= Data section =
---
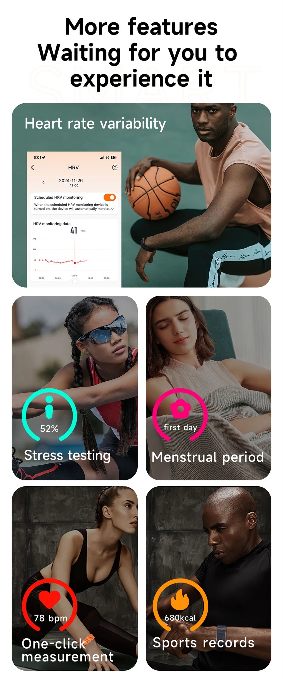 Metrics measured: Heart Rate Monitor,Women's Health Monitoring,Blood Oxygen Monitor,Sleep Monitor,Other,Blood Pressure Monitor,Stress Monitor
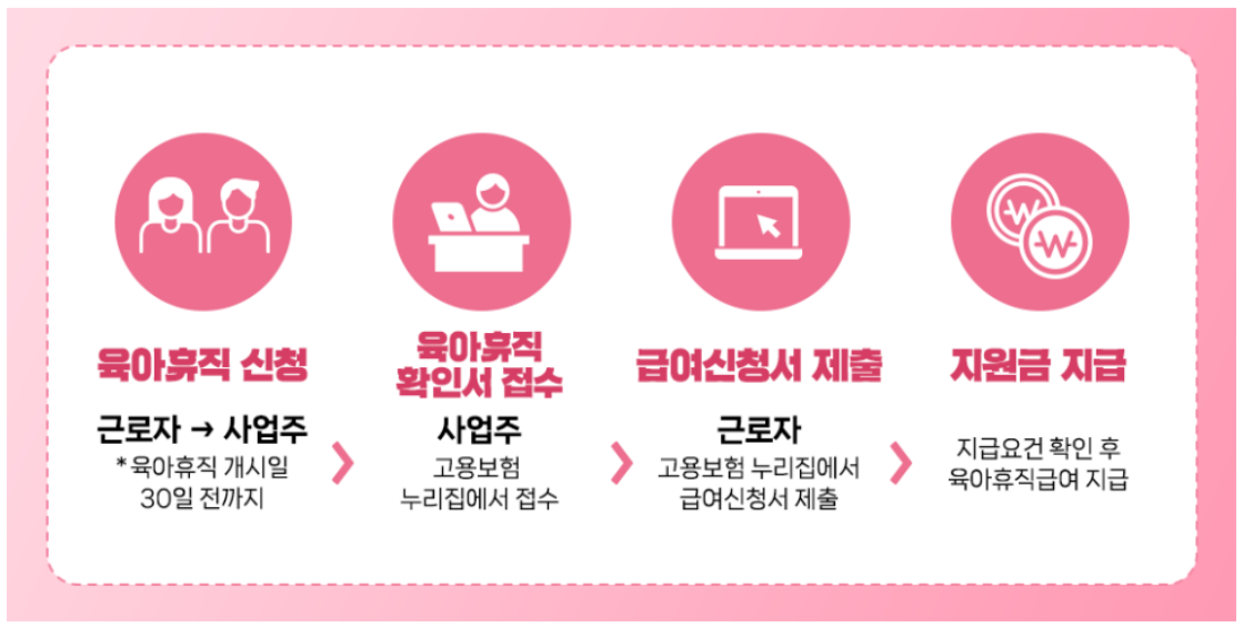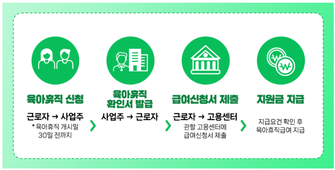 필요 서류는 육아휴직 급여신청서(근로자), 육아휴직 확인서(사업주), 임금대장(임금을 확인할 수 있는 증빙자료)
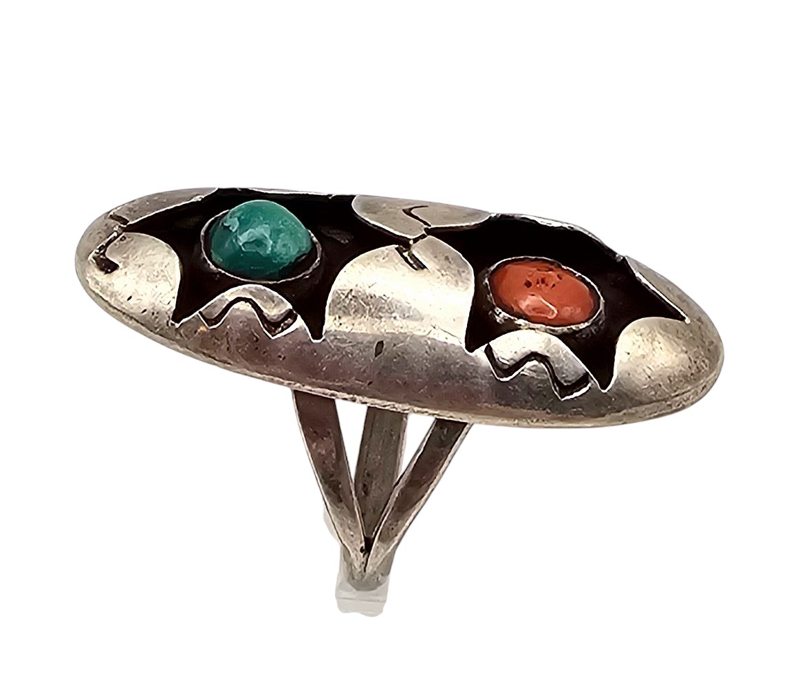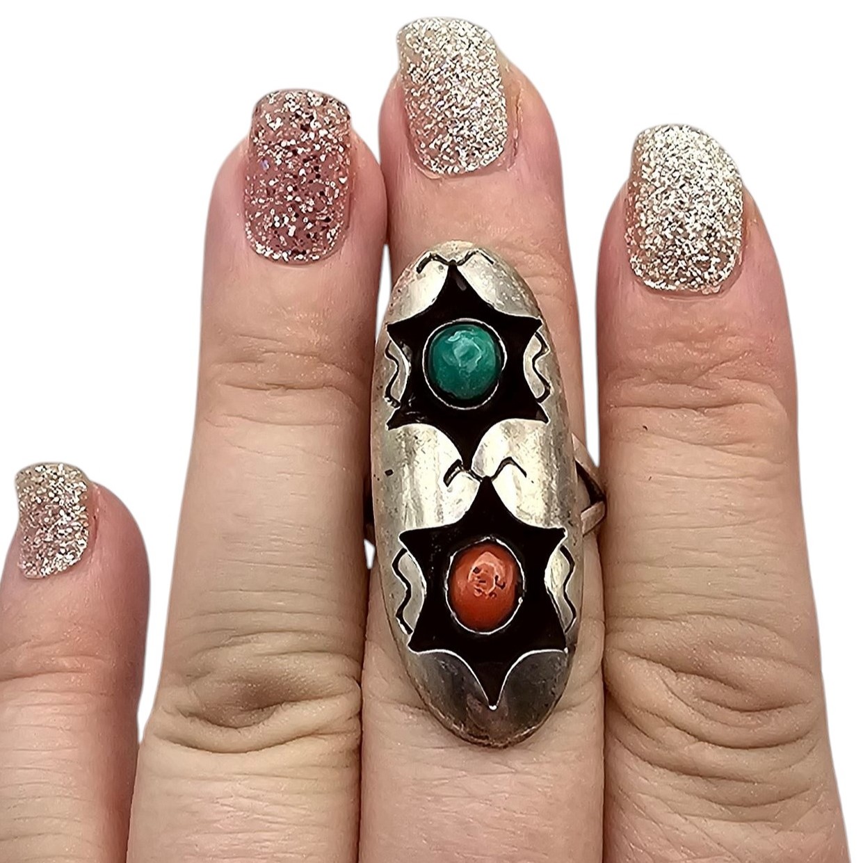 Jesse Thompson Navajo Coral Turquoise Sterling Silver Shadow Box Ring Size 7.75 8.1 G
---
= Exercise =
Retype the whole listing exactly and leave the pictures out.

= Your solution =
 Metrics measured: Heart Rate Monitor,Women's Health Monitoring,Blood Oxygen Monitor,Sleep Monitor,Other,Blood Pressure Monitor,Stress Monitor
 필요 서류는 육아휴직 급여신청서(근로자), 육아휴직 확인서(사업주), 임금대장(임금을 확인할 수 있는 증빙자료)
 Jesse Thompson Navajo Coral Turquoise Sterling Silver Shadow Box Ring Size 7.75 8.1 G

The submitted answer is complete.